Which Type of Actor is Best Suited for This Role?

  • Reputers would seem like a natural choice, as they are primarily responsible for scoring inference workers. However, reputers themselves receive scores based on consensus, which makes it difficult for them to submit queries to inferers in an uncoordinated manner. Additionally, we want to avoid adding further complexity to the reputer role beyond what has already been outlined in the existing design.

  • Forecasters, on the other hand, have the flexibility to query inferers with synthetic data and use the results to refine their loss forecasts. Notably, this approach does not require any modifications to the network’s core functionality, as the mechanism can be entirely implemented by forecasters. When a forecaster assigns a high weight to an inferer, that inferer’s contributions to network inference increase, and therefore also rewards they receive.

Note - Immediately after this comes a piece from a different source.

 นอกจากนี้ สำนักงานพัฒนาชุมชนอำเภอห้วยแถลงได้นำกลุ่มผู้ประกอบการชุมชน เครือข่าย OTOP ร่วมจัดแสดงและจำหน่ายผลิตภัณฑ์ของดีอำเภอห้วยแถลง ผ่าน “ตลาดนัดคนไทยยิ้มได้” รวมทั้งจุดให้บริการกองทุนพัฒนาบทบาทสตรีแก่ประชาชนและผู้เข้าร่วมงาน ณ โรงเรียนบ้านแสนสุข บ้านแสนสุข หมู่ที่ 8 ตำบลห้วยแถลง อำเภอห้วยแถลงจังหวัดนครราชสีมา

    It is important to note that the losses a forecaster assigns to inferers are never directly compared to those reported by reputers or even by other forecasters. As a result, forecasters do not need to adhere to a specific loss scale. Some forecasters may choose to predict reputer-assigned losses using traditional methods, while others may employ supervised loss functions (e.g., mean squared error) based on the responses to queries with known ground truth.

Conclusion

For now, we do not plan to introduce synthetic queries as an explicit mechanism in the Allora network. Instead, we will rely on forecasters to implement this functionality as needed, allowing them to incorporate supervised components when they find it beneficial. We will include such forecasters in some of our experiments to study how much they can help the network.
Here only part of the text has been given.